Grammar/Spelling: 17/25

Description-
‘a very, very unordinary girl.’ The ‘a’ should be capitalized because it’s at the beginning of the sentence.
‘But no, she's not a curse, she's not a monster, she maybe an immortal, she maybe non human, but no one knows, even herself.’ You should rewrite this into two separate sentences like, ‘But no, she’s not a curse nor a monster.
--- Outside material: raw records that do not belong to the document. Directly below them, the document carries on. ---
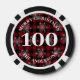 Personalized Christmas-themed poker chips with a custom photo on one side and your own text (family name, holiday message, established year, etc) on the other side with a red and black plaid background with snowflakes. This design includes the number 100, but it can be edited with any value amount.
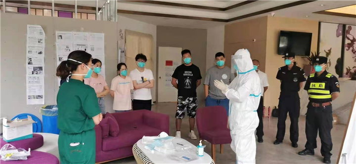 8月6日,赶到南京报到,经过系统培训后随即进入江宁区丽枫隔离点驻点。到达后立即对驻点医务、酒店人员进行防护服穿脱、消毒剂浓度配置等相关知识培训,同时对其余15家隔离点进行线上指导、培训、督导。他说:“能快一点对他们防护培训,就能早一步减少他们被病毒感染的风险” 。完成当天工作后,还要梳理其他隔离点存在的问题,提出合理化建议,一直忙到深夜。
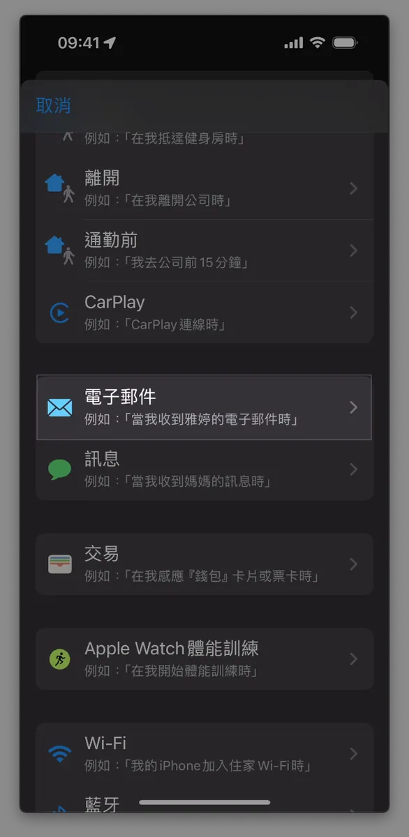 自動執行條件的部分目前只限 iOS 自身或自家的 App,例如:特定時間、抵達、離開某個位置、感應到 NFC、收到訊息、電子郵件或連接上 Wi-Fi、電池電量、勿擾模式、偵測到聲音…等等
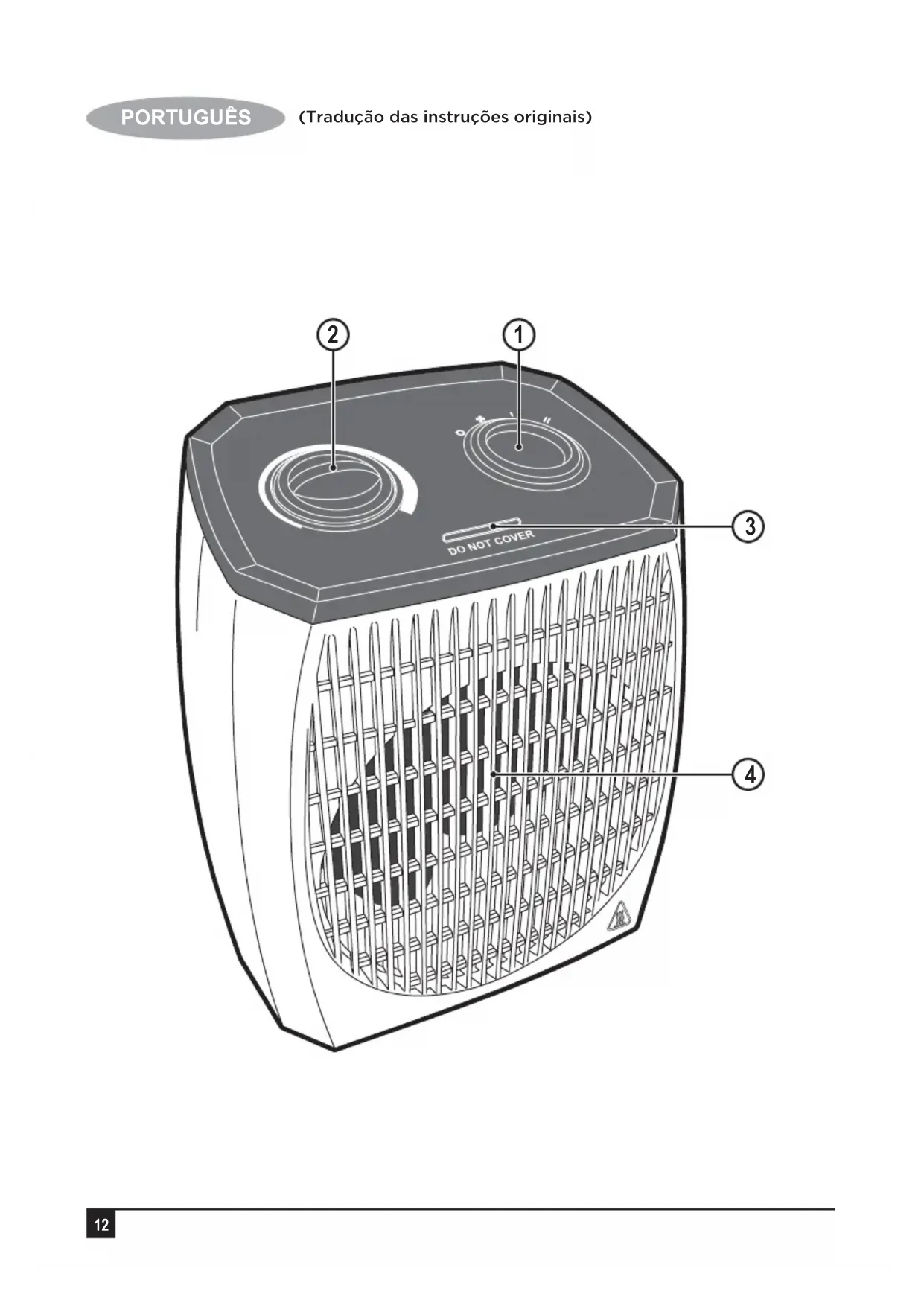 - Verifique se a tensão de alimentação, indicada na placa de classificação do aparelho, condiz com a do seu sistema elétrico. Qualquer erro de ligação invalidará a garantia.15 PORTUGUÊS (Tradução das instruções originais) Etiquetas no aparelho Os seguintes pictogramas juntamente com o código da data são apresentados no aparelho: Aviso! Superfície quente. Aviso! Para evitar sobreaquecimento, não tape o aquecedor. Funcionalidades
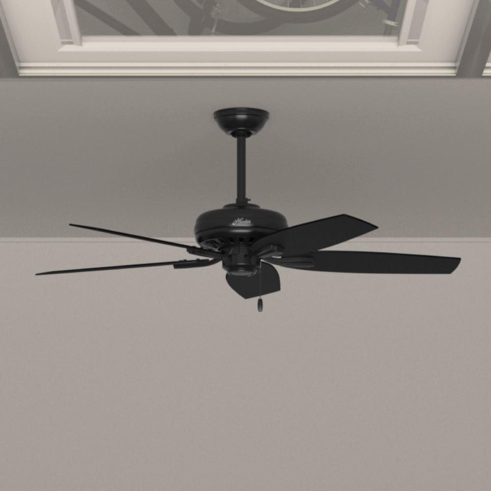 Hunter 52 inch Newsome Matte Black Damp Rated Ceiling Fan and Pull Chain
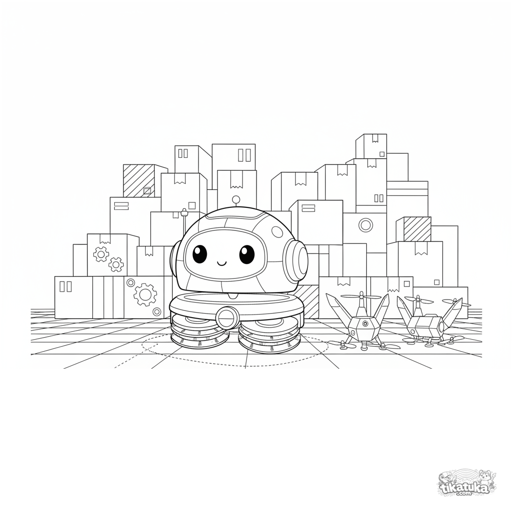 Stilvolles Ausmalbild für ältere Kinder 10-12: Ein Reinigungsroboter im Blaupausen-Stil räumt den Lagerboden zwischen Kartons und Drohnen auf. Geometrische Linien, einzigartiges Design.

She may be immortal or inhuman, but no one knows, even she herself.’
‘But her parents does, but will they tell her?’ ‘does’ should be ‘do’.
‘But what happened when there's 12 boys, who maybe a non human, just like her, but let the secret reveals itself.’ Change ‘happened’ to ‘will happen’ and ‘there’s’ to ‘there are’. You don’t need the comma after ‘human’ or the ‘s’ in ‘reveals’. ‘non human’ should be ‘inhuman’.

Chapter 1-
‘She have no clue of it except her parents.’ Change ‘has’ to ‘have’ and ‘of’ to ‘about’.
‘She search everywhere for it.’ Add an ‘ed’ at the end of ‘search’ and ‘it’ should be ‘one’ unless there’s only one or a specific picture she’s looking for.
‘…in every inch of the house that could hid the picture or any secrets.’ ‘hid’ should be ‘hide’.
‘Or it just well hidden.’ Add the word ‘was’ after ‘just’.
‘She was perfect people would said.’ ‘said’ should be ‘was’.
‘It couldn't be hid although you tried your best.’ ‘hid’ should be ‘hide’ and I think the ‘you’ and ‘you’ should be ‘she’ and her’ since that’s what you used throughout the rest of the chapter.
 ‘But it was not harm and still could be use.’ Add an ‘ed’ at the end of ‘harm’ and ‘use’.
’It was a perfectly in a long straight line…’ You could rewrite this like ‘It was a perfectly long, straight line.’
‘Eyes that doesn't care about imperfection…’ ‘doesn’t’ should be ‘didn’t’.
‘…but she know nothing…’ Add an ‘s’ at the end of ‘know’.
‘The wind blows against her skin.’ Change ‘blows’ to ‘blew’.
‘It just doesn't needed for her.’ You don’t need the ‘ed’ in ‘needed’.
‘It just has its own coverage that no one see, except for her.’ Add the word ‘could’ after ‘one’.
‘She sighed and closes her tired eyes.’ ‘closes’ should be ‘closed’.
‘She sigh and got up on her feet.’ Put an 'ed' at the end of 'sigh'.
‘She turn around and…’ Add ‘ed’ at the end of ‘turned’.
‘…he face her with the most serious face he has.’ Put and ‘ed’ at the end of ‘face’.
‘She walk towards her room while screaming and swearing bad words in her head.’ ‘walk’ should be ‘walked’.
'Why the hell won't you let me out there?!' I think you should change ‘there’ to ‘here’.
‘Some was voices she has heard before, well some were not.’ 'was' should be 'were' and change 'well' to 'while'.
‘…it's like suffocating her…’ Add another ‘it’s’ after ‘like’.
‘He didn't expect it was happening this fast.’ Change ‘was happening’ to ‘to happen’.
‘He stand up and ran towards his room.’ ‘stand’ should be ‘stood’.
‘He pulled some books of the shelves.’ You made a little typo, there should be another ‘f’ in ‘of’
‘He enter the security password.’ Add an ‘ed’ at the of ‘enter’.
‘It lid green and opened.’ I think you mean ‘lit’.
‘He opened the box and grab a necklace.’ ‘grab’ should be ‘grabbed’.
‘He hand it over to Hyerin, helping her to wear it.’ Rewrite this as ‘He handed it over to Hyerin and helped her wear it.’
‘…so does the suffocating feel.’ Change ‘does’ to ‘did’.
‘She looks towards her dad, and hugged him.’ ‘looks’ should be ‘looked’.
‘Her dad sigh in relief and hug her tightly.’ Add an ‘ed’ at the end of ‘sigh’ and ‘hug’.

You went back and forth on past and present tense. You should stick to just one of them.

Personal Enjoyment: 3/5
I would’ve enjoyed it more if you didn’t use a lot of the same words a lot like ‘non-ordinary’. Then sentences like ‘In her father's room, the attic, in every inch of the house that could hid the picture or any secrets. But no. There was no trace of it. Or it just well hidden. Maybe she couldn't see it, maybe it was in her without her knowing.’ You did this a lot to other sentences. It’s supposed to build some suspense, but if you do it too much, it takes away the excitement and seems a bit choppy.